Useful when you want to:
- Work with the data as regular Kotlin data classes.
- Convert a dataframe to instantiated data classes with `df.toListOf<DataClassType>()`.
- Work with data classes serialization.
- Extract structured types for further use in your application.
### Arguments {id="generateDataClasses-arguments"}
* `markerName`: `String?` — The base name to use for generated data classes.
If `null`, uses the `T` type argument of `DataFrame` simple name.
Default: `null`.
* `extensionProperties`: `Boolean` Whether to generate [extension properties](extensionPropertiesApi.md)
in addition to `interface` declarations.
Useful if you don't use the [compiler plugin](Compiler-Plugin.md), otherwise they are not needed;
the [compiler plugin](Compiler-Plugin.md), [notebooks](SetupKotlinNotebook.md),
and older [Gradle/KSP plugin](schemasGradle.md) generate them automatically.
Default: `false`.
* `visibility`: `MarkerVisibility` Visibility modifier for the generated declarations.

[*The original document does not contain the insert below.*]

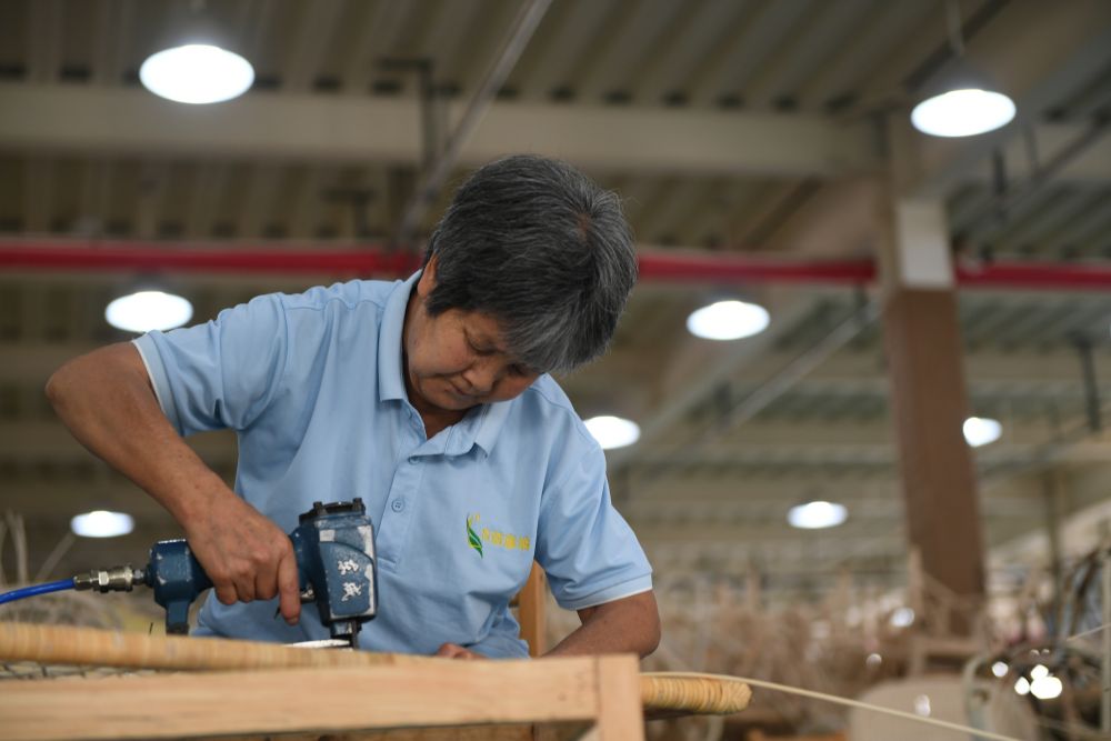↑ 9月7日,在位于汉中市的陕西良顺匠心实业有限公司,工作人员在检查藤椅部件。

Default: `MarkerVisibility.IMPLICIT_PUBLIC`.
* `useFqNames`: `Boolean` If `true`, fully qualified type names will be used in generated code.
Default: `false`.
* `nameNormalizer`: `NameNormalizer` Strategy for converting column names (with spaces, underscores, etc.) to
Kotlin-style identifiers.
Generated properties will still refer to columns by their actual name using the `@ColumnName` annotation.
Default: `NameNormalizer.default`.
### Returns {id="generateDataClasses-returns"}
* `CodeString` A value class wrapper for `String`, containing
the generated Kotlin code of `data class` declarations and optionally [extension properties](extensionPropertiesApi.md).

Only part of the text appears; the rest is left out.